Attention heads: Single-head attention is 0.9 BLEU worse than h=8. But too many heads also hurts.
Key dimension d_k: Reducing d_k hurts quality — dot-product compatibility is non-trivial.
Bigger models are better and dropout is critical for avoiding overfitting.
Positional encoding: Learned embeddings yield nearly identical results to sinusoidal — but sinusoidal can generalize to longer sequences.

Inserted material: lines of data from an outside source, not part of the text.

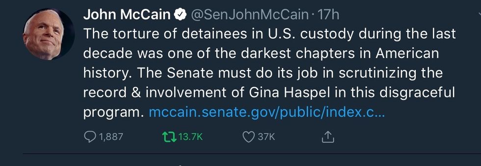 Sen. John McCain (R-Ariz.), who was tortured while imprisoned in Vietnam, said Haspel's Senate confirmation should be conditioned on securing a pledge to block any plan to reintroduce harsh interrogations. "Ms. Haspel needs to explain the nature and extent of her involvement in the CIA's interrogation program," McCain said.*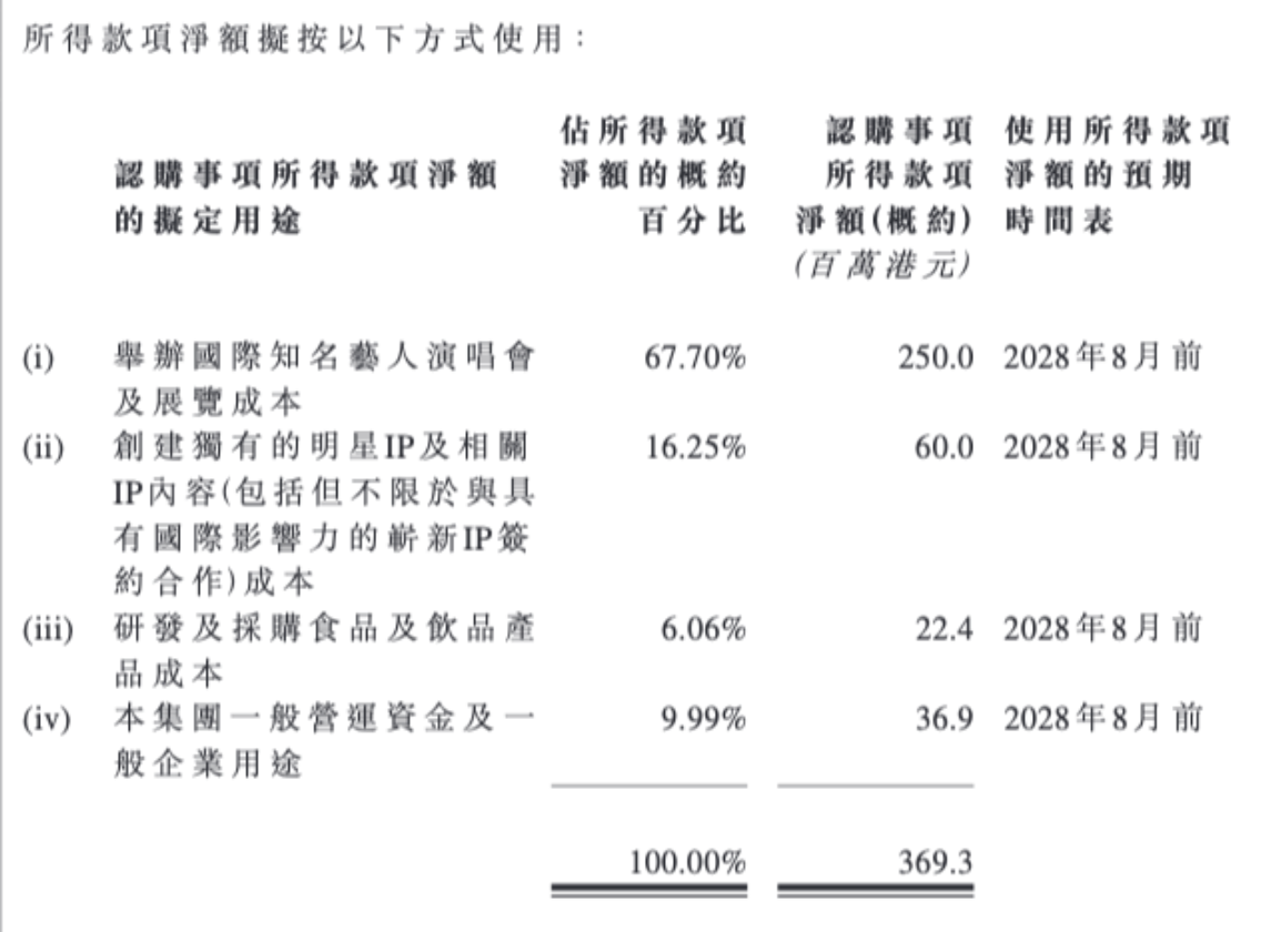 巨星传奇表示,募资所得款项总额预期为3.924亿港元。其中,公司拟将募资款项的67.70%,约2.5亿港元用于举行国际知名艺人演唱会及展览;募资总额的16.25%,约6000万港元用于创建独有的明星IP及相关IP内容;募资总额的6.06%,约2240万港元将用于研发及采购食品、饮品产品。
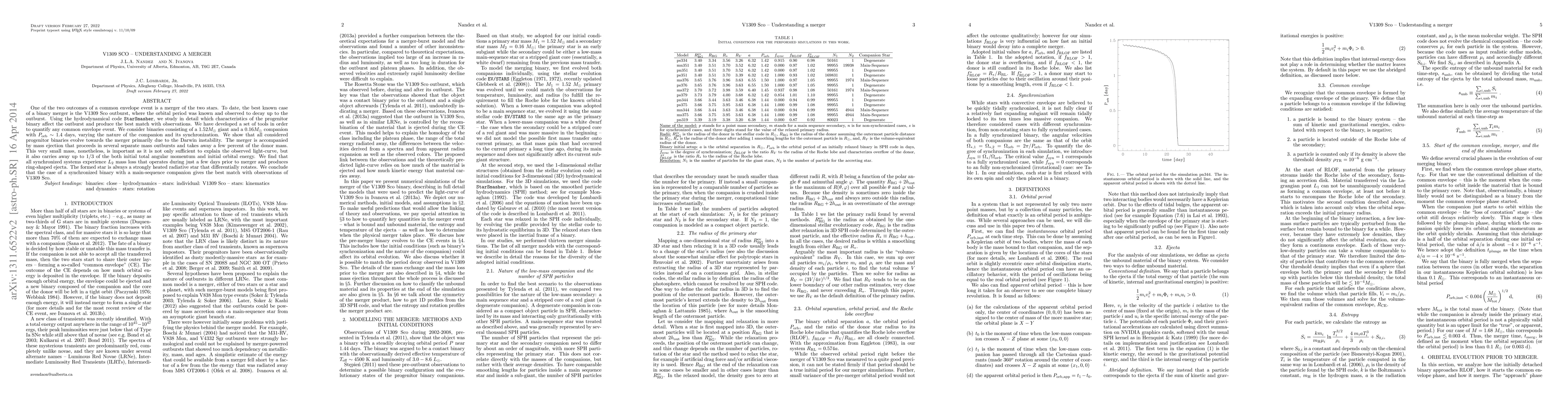 One of the two outcomes of a common envelope event is a merger of the two stars. To date, the best known case of a binary merger is the V1309 Sco outburst, where the orbital period was known and observed to decay up to the outburst. Using the hydrodynamical code StarSmasher, we study in detail which characteristics of the progenitor binary affect the outburst and produce the best match with observations. We have developed a set of tools in order to quantify any common envelope event. We consider binaries consisting of a 1.52$M_\odot$ giant and a 0.16$M_\odot$ companion with $P_{\rm orb}\sim1.4$ days, varying the nature of the companion and its synchronization. We show that all considered progenitor binaries evolve towards the merger primarily due to the Darwin instability. The merger is accompanied by mass ejection that proceeds in several separate mass outbursts and takes away a few percent of the donor mass. This very small mass, nonetheless, is important as it is not only sufficient to explain the observed light-curve, but it also carries away up to 1/3 of the both initial total angular momentum and initial orbital energy. We find that all synchronized systems experience $L_2$ mass loss that operates during just a few days prior to merger and produces ring-shaped ejecta. The formed star is always a strongly heated radiative star that differentially rotates. We conclude that the case of a synchronized binary with a main-sequence companion gives the best match with observations of V1309 Sco.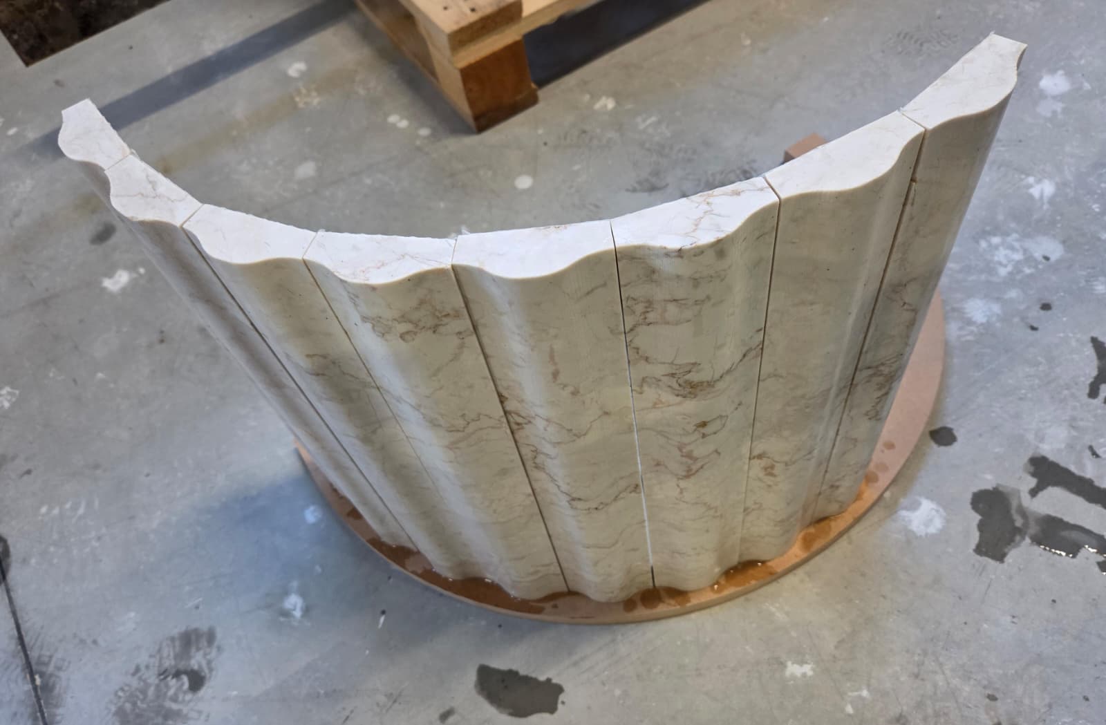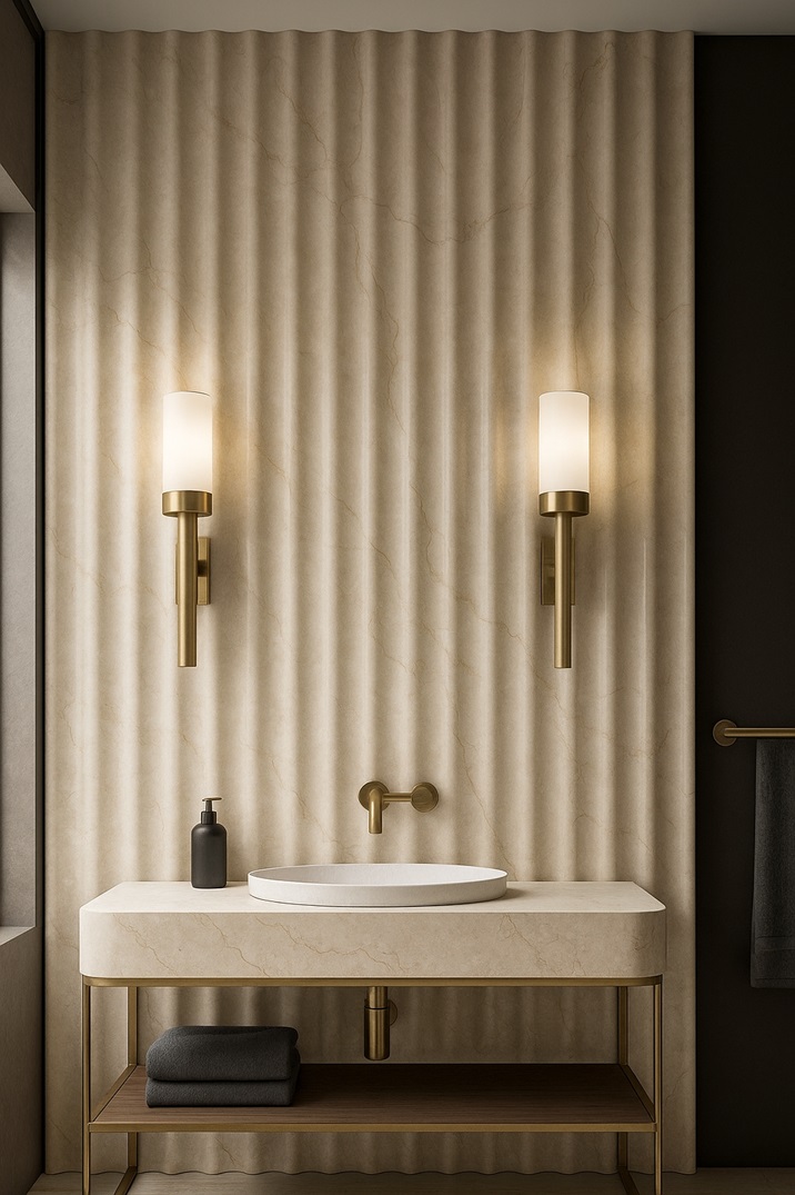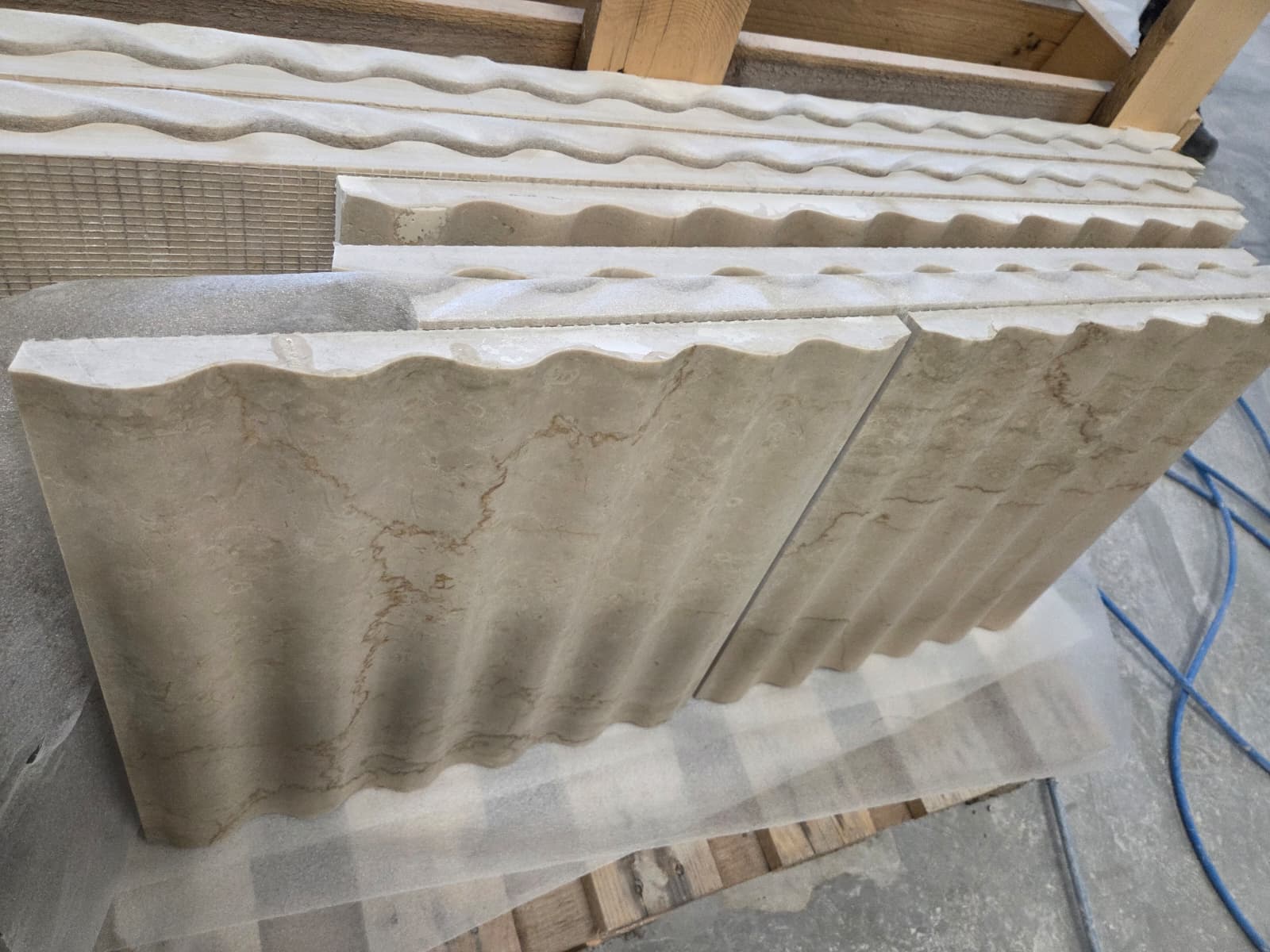 Panou Decorativ Din Marmura Ondulata Botticino de 3 cm. Panouri Din Marmura Decorativa Bej-Crem. Plăcile sunt prelucrate cu un profil ondulat (wavy / fluted) pe partea frontală — un finisaj decorativ de tip 3D, des folosit la lavoare, fronturi de mobilier, pereți accent sau insule de bucătărie. Suprafețele sunt bine finisate, cu margini netede și textură naturală vizibilă.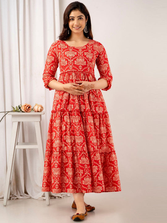 VARICOS Ethnic Motifs Printed Tiered Maternity Fit and Flare Midi Ethnic Dress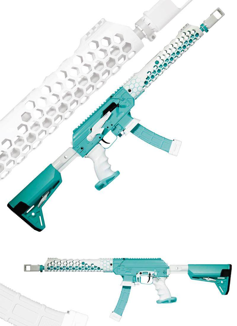 该枪是在PP-19-01 Vityaz 冲锋枪基础上推出的客户定制版,外形颇现代,发射9mm巴拉贝鲁姆枪弹。比较特别的是,其护手、小握把涂装为白色,枪管、机匣及枪托涂装为绿色,配色清新脱俗。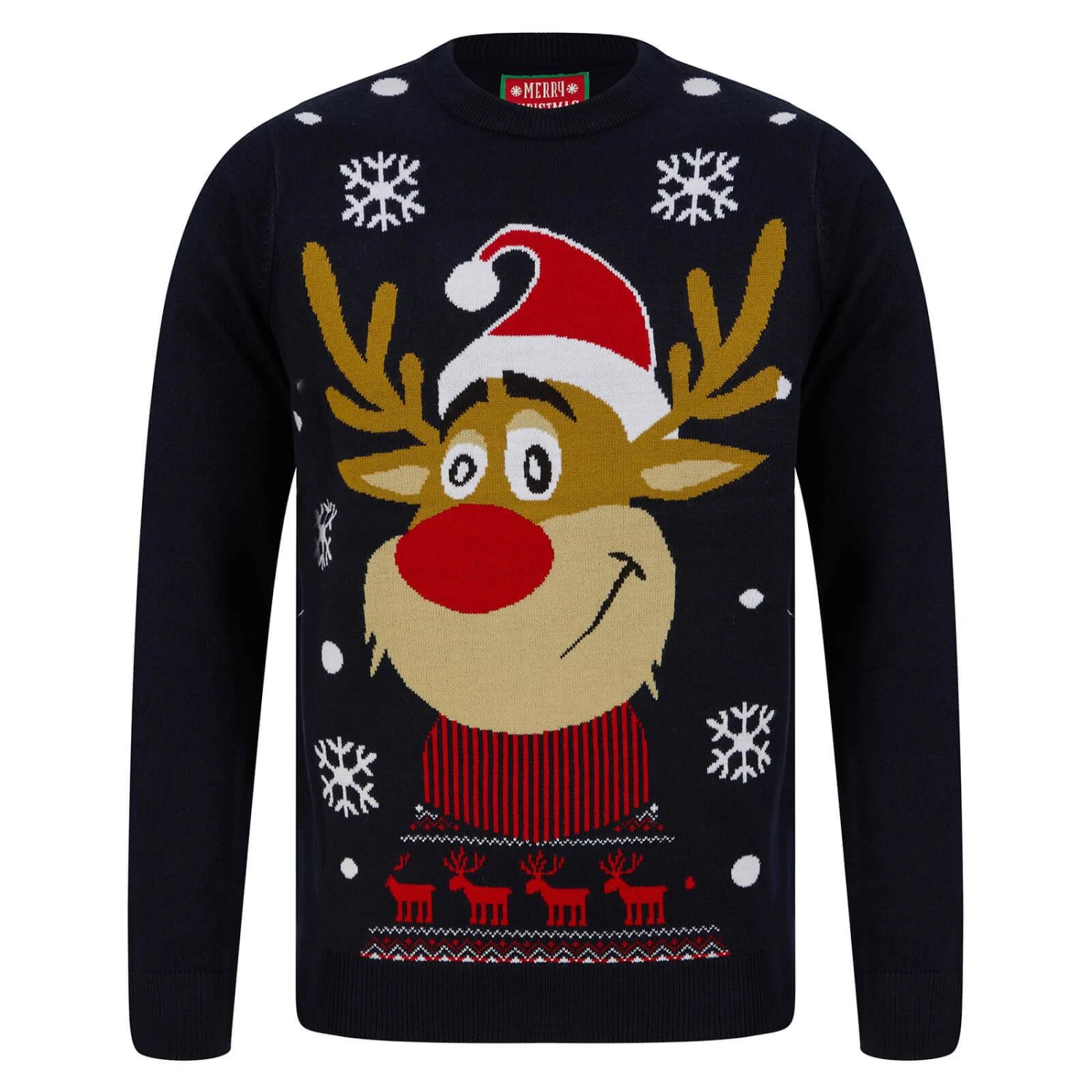 The soft knit, crew neck jumper has a smiling reindeer with a big red nose complete with its own festive jumper with mini reindeer and snowflakes.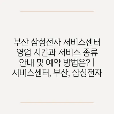 부산 삼성전자 서비스센터 영업 시간과 서비스 종류 공지 및 예약 방법은?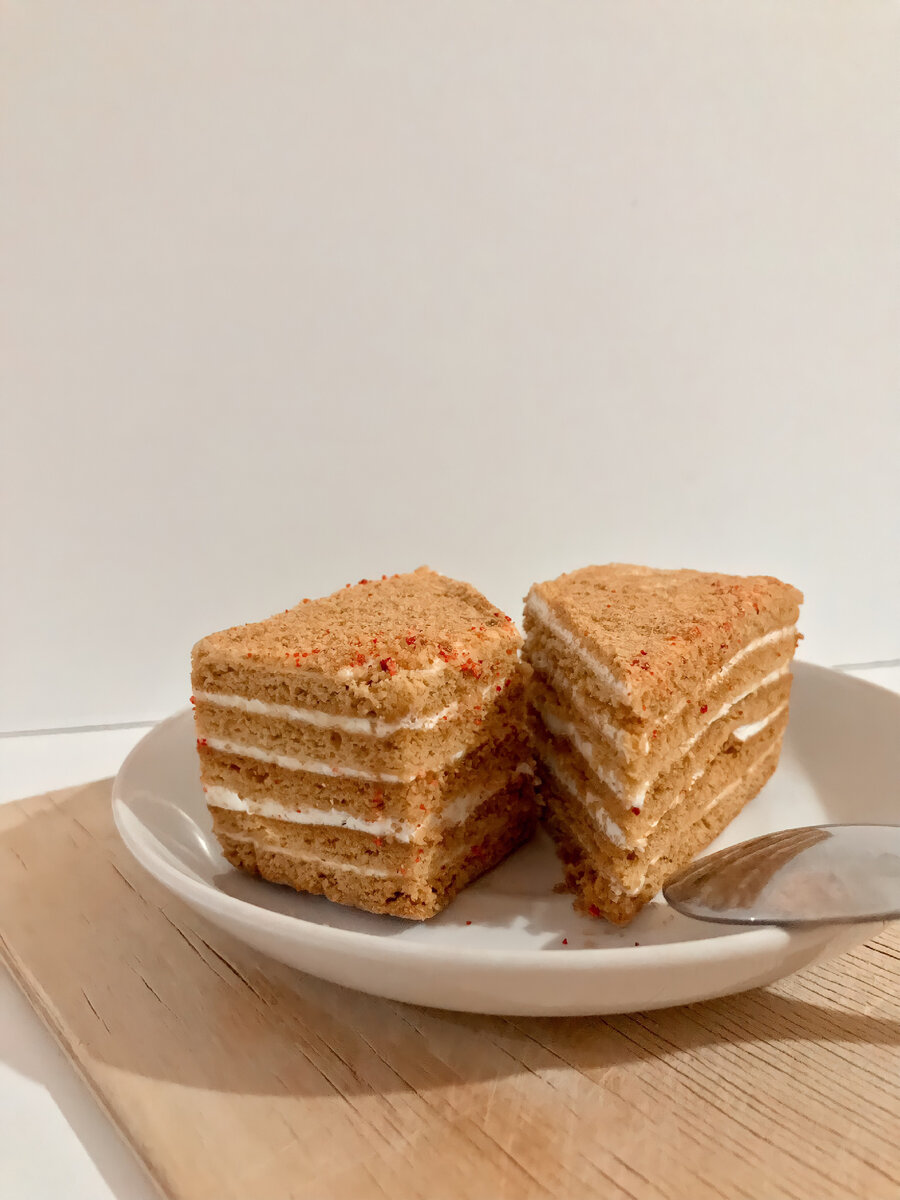 Тесто: 2 яйца, 150г сахара, 120г мёда, 85г сливочного масла, 1ч.л соды, 350г муки. Крем: 500г сметаны, 110г сахара, 90г сливочного масла. Нежнейший сметанный крем для медовика готов! Отправляем в холодильник на пару часов. Приятного аппетита!
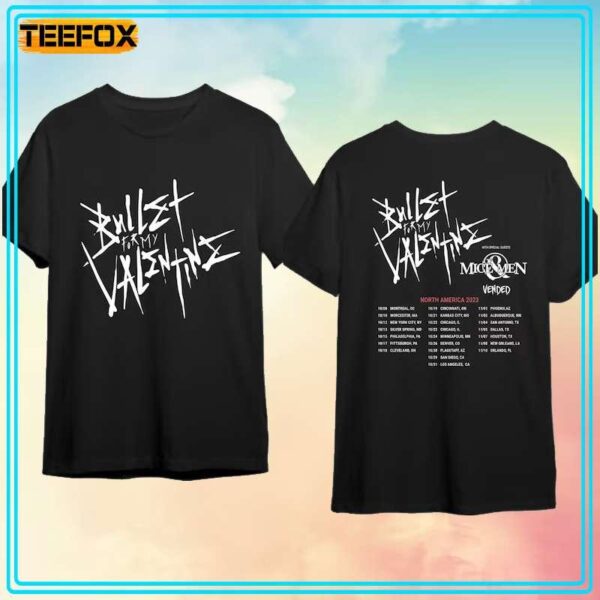 The design of the Bullet For My Valentine Tour 2023 Short-Sleeve T-Shirt is a masterpiece in itself. The bold graphics and intricate details transport you to the heart of a live performance, with the band’s iconic logo emblazoned proudly across the chest. The high-quality fabric ensures comfort as you rock out at the next concert or simply want to infuse your everyday style with a touch of rock ‘n’ roll edge. This shirt is more than just a garment; it’s a symbol of your dedication to the music that moves you, a tangible connection to the heart-pounding excitement of a live show. Don’t miss your chance to own a piece of the Bullet For My Valentine legacy.

6.3 English Constituency Parsing

To test generalization, the authors trained a 4-layer Transformer (d_model=1024) on the WSJ Penn Treebank (~40K sentences).

✅ Result

Transformer achieves 92.7 F1 in semi-supervised setting — outperforming all prior models except the Recurrent Neural Network Grammar, with no task-specific tuning.

7. Conclusion

The Transformer is the first sequence transduction model based entirely on attention, replacing recurrent layers with multi-headed self-attention. Key advantages:

Significantly faster to train than RNN/CNN architectures
Achieves new SOTA on EN-DE and EN-FR translation
Generalizes to other tasks (constituency parsing) without task-specific modifications

🚀 Legacy

This architecture became the foundation for BERT (2018), GPT (2018), T5 (2019), and every modern LLM. Virtually every state-of-the-art model in NLP, vision, audio, and multimodal AI is now built on the Transformer.

Review Questions

Why does standard RNN processing prevent parallelization, and how does the Transformer solve this?
Derive the scaling factor 1/√d_k from the variance argument. What happens without it?
What is the difference between encoder self-attention, decoder self-attention, and cross-attention?
Why does the paper prefer sinusoidal positional encodings over learned embeddings?
In Table 1 of the paper, self-attention has O(n²·d) complexity per layer. When does this become worse than recurrent layers?
What is label smoothing and why does it hurt perplexity but improve BLEU?
The paper uses beam search at inference. What is beam size and how does it trade off quality vs. speed?